На фоне подвигов воронежских кроманьонцев испанские обитатели пещеры Ла Гарма выглядят дилетантами: 14,8 тыс. л. н. они добыли только одного хищника, от которого остались лишь девять когтей.

Удивительно, но львы до сих пор имеют культовый статус даже в тех странах, где они не водятся уже тысячи лет или вовсе никогда не водились. Достаточно посмотреть на европейские гербы или китайские статуи.


В этой схватке за звание царя зверей пещерный лев выиграл у человека, но так будет не всегда

Перкрокуты и гиены

На фоне медведей и кошек гиены Hyaenidae могут показаться не слишком суровыми чудищами, но это только до того момента, пока не увидишь их вблизи.

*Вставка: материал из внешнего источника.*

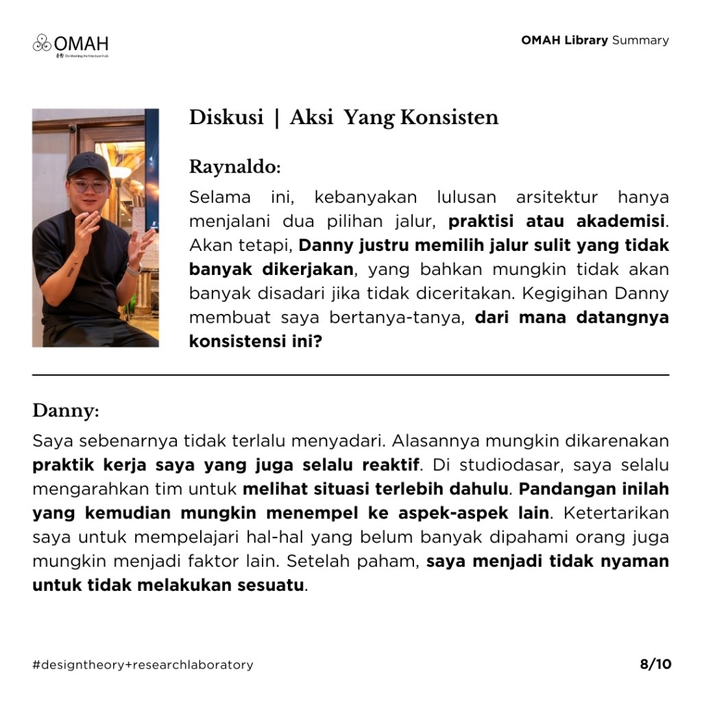 Selama ini, kebanyakan lulusan arsitektur hanya menjalani dua pilihan jalur, praktisi atau akademisi. Akan tetapi, Danny justru memilih jalur sulit yang tidak banyak dikerjakan, yang bahkan mungkin tidak akan banyak disadari jika tidak diceritakan. Kegigihan Danny membuat saya bertanya-tanya, dari mana datangnya konsistensi ini?

И подавно страшнее они были в плиоцене и раннем плейстоцене, когда мы были в полтора раза меньше, а гиены – больше.

Первые гиены типа Protictitherium и Plioviverrops были мелкими мангустоподобными зверьками, но быстро отрастили длинные ноги и научились бегать, дав целый спектр родов и видов от сравнительно небольших Ictitherium и Hyaenictitherium до волкоподобных Hyaenictis и Chasmaporthetes. Апогея гиены достигли в миоцене и плиоцене, превратившись в Crocuta и Pachycrocuta: рекордные представители вида P. brevirostris достигали веса под сотню килограммов! Правда, как раз такие чудовищные твари были нашим предкам сравнительно безразличны, вернее, это мы были им неинтересны – нечего размениваться на всякую мелочь, когда саванна забита антилопами, буйволами, гиппарионами и носорогами. А вот среднеразмерные быстро бегающие Chasmaporthetes, способные загнать антилопу и наверняка охотившиеся стаями, запросто могли истребить целую семью австралопитеков или ранних людей.

Между прочим, не всяк гиена, кто выглядит как гиена. Миоцен среди прочих монстров породил перкрокут Percrocutidae – Dinocrocuta и Percrocuta. Перкрокутовые – ближние родственники виверр, почти полные копии гиен. Архаика перкрокут позволяет включать их в стеноплезиктид, специфика – выделять в собственное семейство, а сходство с гиенами – объединять с ними в ранге подсемейства. Эти звери широко распространились по Африке, Европе и Азии, где до конца плиоцена больше охотились, чем добывали падаль. Особенно ужасны были динокрокуты: с высокими лбами, короткими, почти бульдожьими мордами, толстыми клыками, мощнейшими заклыковыми зубами и медвежьим сложением. Судя по зажившей ране над глазом позднемиоценового китайского носорога Chilotherium wimani, динокрокуты активно нападали на очень больших зверей.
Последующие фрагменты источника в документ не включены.